Exercise details: Using the listing below, retype exactly the lines starting at the one with "L'uccisione del generale" and ending at the one with "busy indoor market.", and include both.

Data for this task:

# # # #

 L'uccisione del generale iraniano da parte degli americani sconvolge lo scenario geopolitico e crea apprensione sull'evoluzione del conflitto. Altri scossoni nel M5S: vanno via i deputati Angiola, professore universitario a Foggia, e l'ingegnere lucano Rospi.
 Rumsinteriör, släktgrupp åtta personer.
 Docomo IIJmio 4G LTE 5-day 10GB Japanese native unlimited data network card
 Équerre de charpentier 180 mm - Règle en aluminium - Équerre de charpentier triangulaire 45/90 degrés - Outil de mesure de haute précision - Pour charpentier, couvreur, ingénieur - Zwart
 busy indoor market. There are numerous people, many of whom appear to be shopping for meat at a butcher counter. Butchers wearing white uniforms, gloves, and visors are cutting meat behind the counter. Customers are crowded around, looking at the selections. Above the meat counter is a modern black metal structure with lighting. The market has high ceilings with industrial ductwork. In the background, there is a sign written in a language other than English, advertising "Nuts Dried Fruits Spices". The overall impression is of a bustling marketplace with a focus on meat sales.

# # # #

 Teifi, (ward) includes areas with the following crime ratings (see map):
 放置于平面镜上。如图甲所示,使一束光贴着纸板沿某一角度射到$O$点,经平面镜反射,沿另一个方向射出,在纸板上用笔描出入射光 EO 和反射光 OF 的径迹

# # # #

Exercise result:
 L'uccisione del generale iraniano da parte degli americani sconvolge lo scenario geopolitico e crea apprensione sull'evoluzione del conflitto. Altri scossoni nel M5S: vanno via i deputati Angiola, professore universitario a Foggia, e l'ingegnere lucano Rospi.
 Rumsinteriör, släktgrupp åtta personer.
 Docomo IIJmio 4G LTE 5-day 10GB Japanese native unlimited data network card
 Équerre de charpentier 180 mm - Règle en aluminium - Équerre de charpentier triangulaire 45/90 degrés - Outil de mesure de haute précision - Pour charpentier, couvreur, ingénieur - Zwart
 busy indoor market. There are numerous people, many of whom appear to be shopping for meat at a butcher counter. Butchers wearing white uniforms, gloves, and visors are cutting meat behind the counter. Customers are crowded around, looking at the selections. Above the meat counter is a modern black metal structure with lighting. The market has high ceilings with industrial ductwork. In the background, there is a sign written in a language other than English, advertising "Nuts Dried Fruits Spices". The overall impression is of a bustling marketplace with a focus on meat sales.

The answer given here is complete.